Entire function of a matrix

Question

Let $X$ be an $n\times n$ complex matrix. The exponential of $X$ is defined by $$\exp (X)=\sum_{k=0}^\infty \frac{1}{k!}X^k$$ where $X^0$ is the $n\times n$ identity matrix. Importantly, the matrix infinite series always converges.

This led me to the following question: Let $X$ be defined as above. If $$f(z)=\sum_{k=0}^\infty a_k z^k$$ represents an entire function $f$, is it true that the matrix infinite series $$\sum_{k=0}^\infty a_k X^k$$ always converges?

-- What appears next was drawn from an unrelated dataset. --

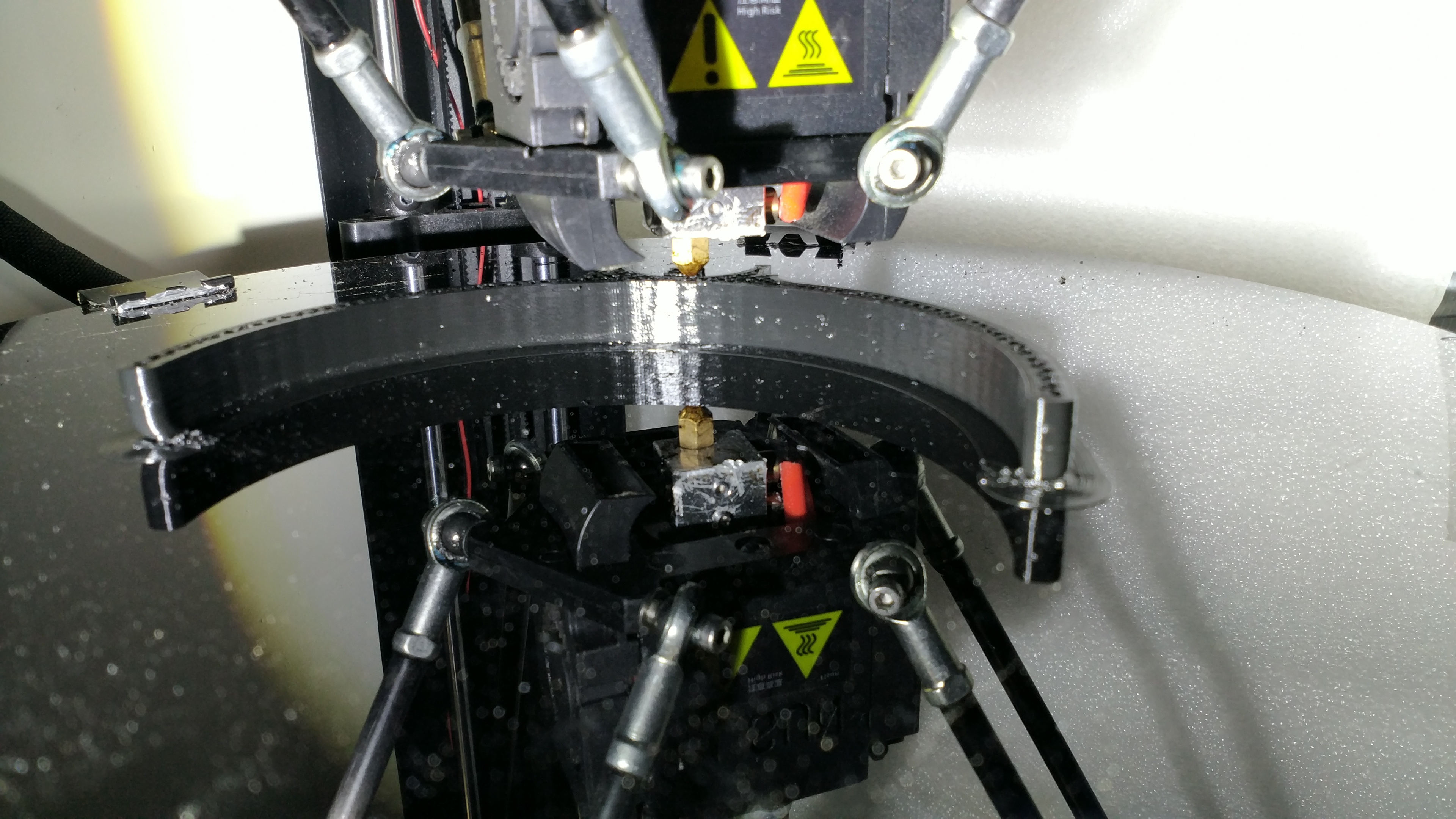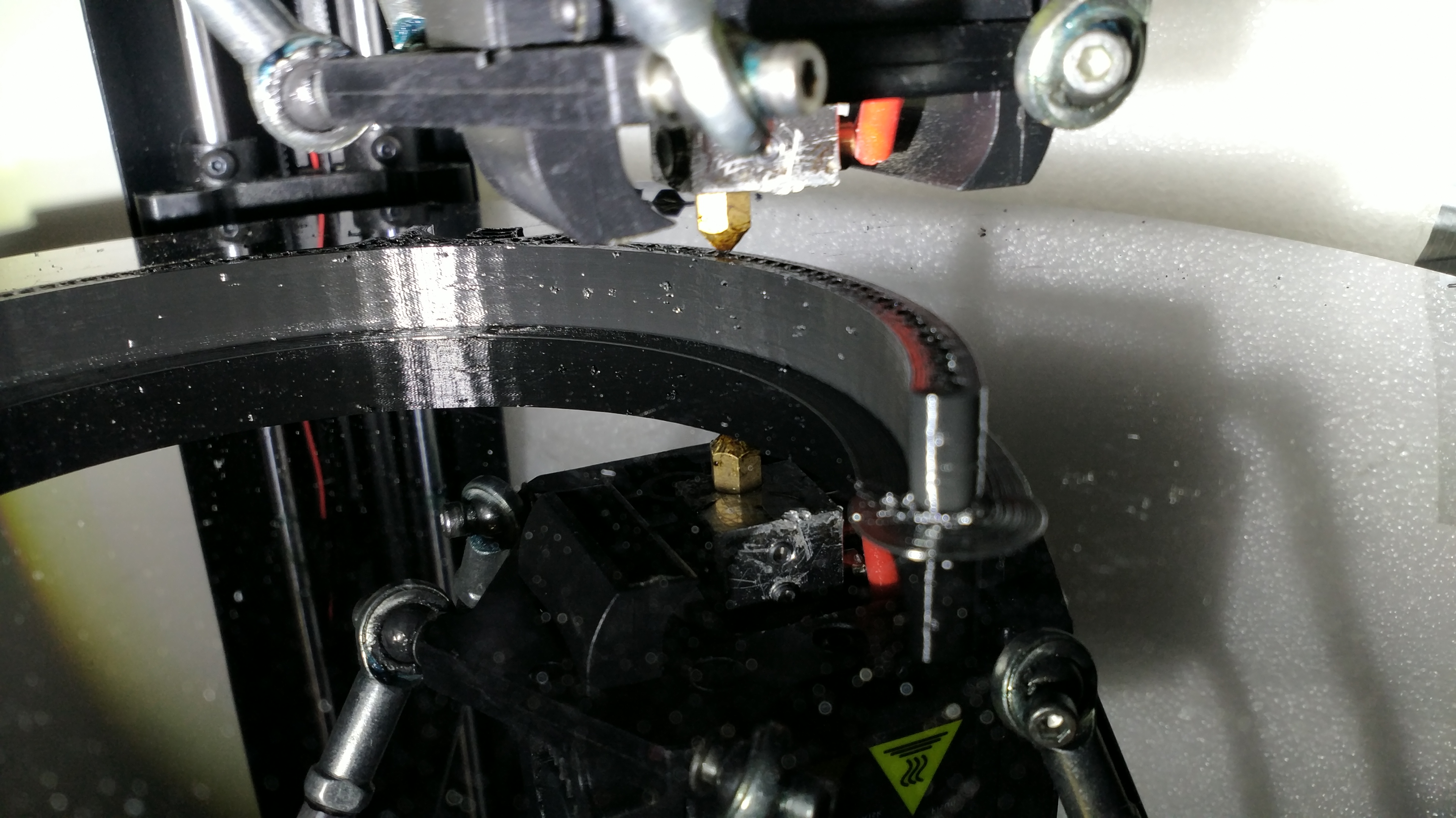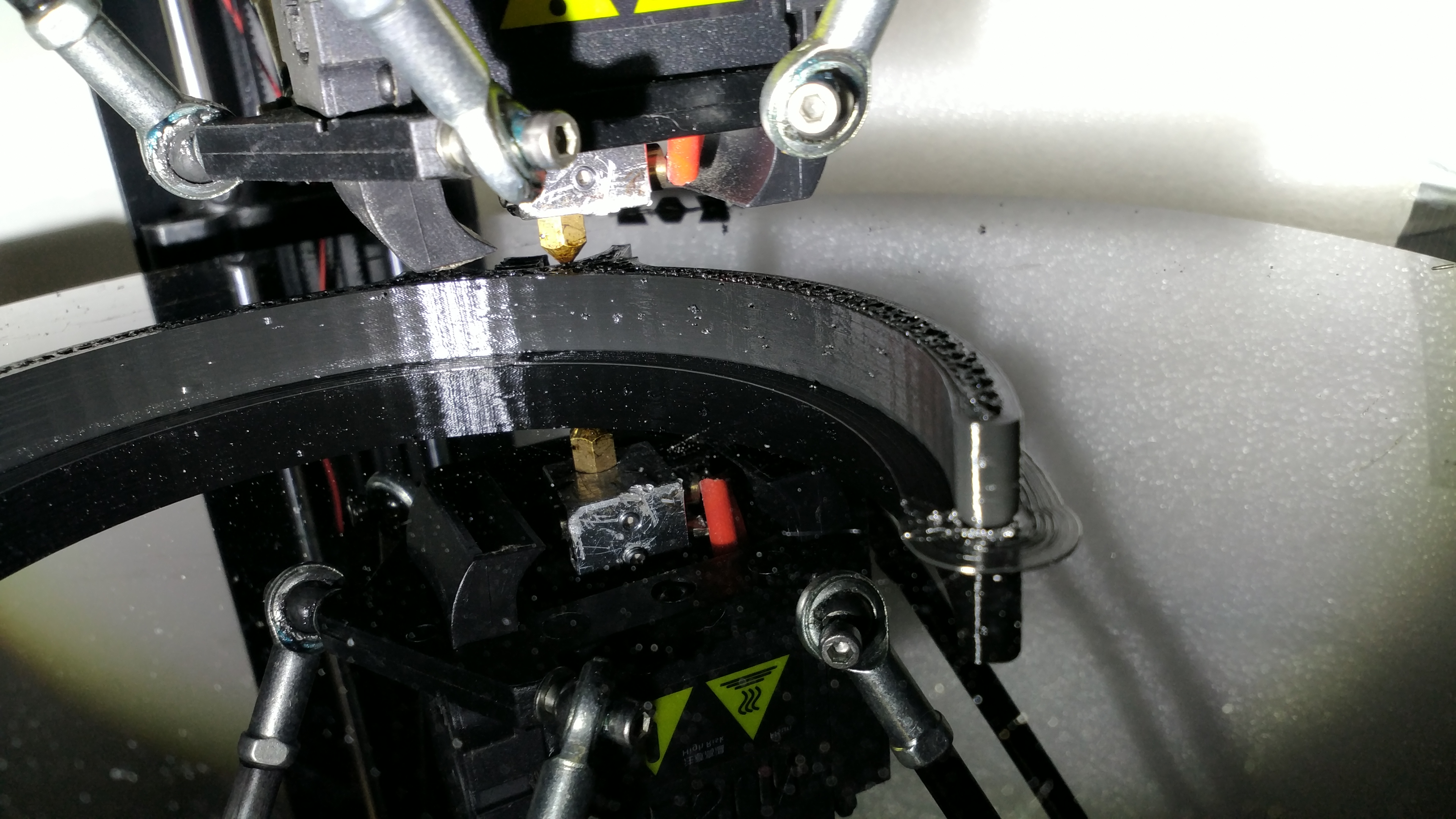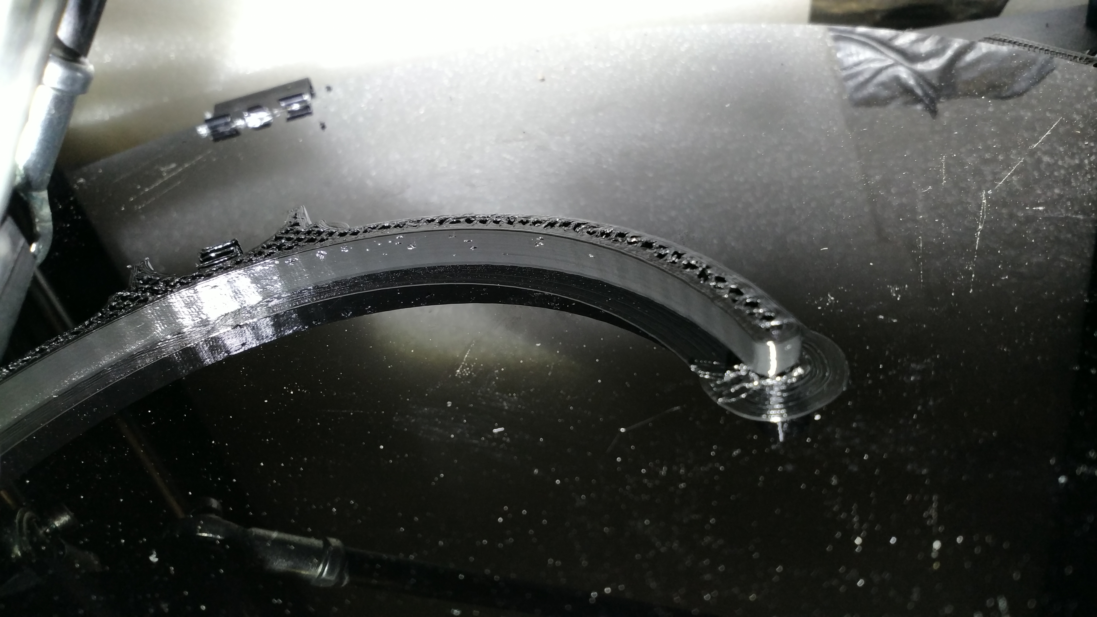 Наблюдения: идет печать заполнения, потом переходит к периметру и пока сопло едет в области детали оставляет за собой маленькие капельки (очень маленькие), которые в процессе печати частично разглаживаются, а какие то превращаются в то что на фото. При печати заполнения тоже иногда остаётся торчать пластик который в последствии цепляет сопло и тащит на себе пока он не отлипнет где нибудь еще :) Это не ретракт в начали или конце печати слоя.

The powers series expansion at the origin of an entire function converges for all complex numbers, but I have no idea how would I prove/disprove convergence for complex matrices.

Answer 1

First of all, before you define such a series you should mention in which norm do you want it to converge. In the space of matrices it doesn't really matter, because over a finite dimensional space all norms are equivalent, but still.

A very good norm on the space of matrices is the so called operator norm:

$||A||=\sup\limits_{0\ne x\in\mathbb{C^n}}\frac{||Ax||}{||x||},$

where $||x||$ is the usual Euclidean norm on $\mathbb{C^n}$. This norm has the very nice property $||AB||\leq ||A||\cdot ||B||$ for all matrices $A,B\in M_n(\mathbb{C})$. Hence, with this norm we get:

$$\sum\limits_{k=0}^{\infty}||a_kX^k||\leq\sum\limits_{k=0}^{\infty}|a_k|\cdot||X||^k.$$

And this series converges by our assumption, because $||X||$ is a real number. So the series $\sum\limits_{k=0}^{\infty}a_kX^k$ converges absolutely, and since finite dimensional normed spaces are complete, this implies the series converges itself.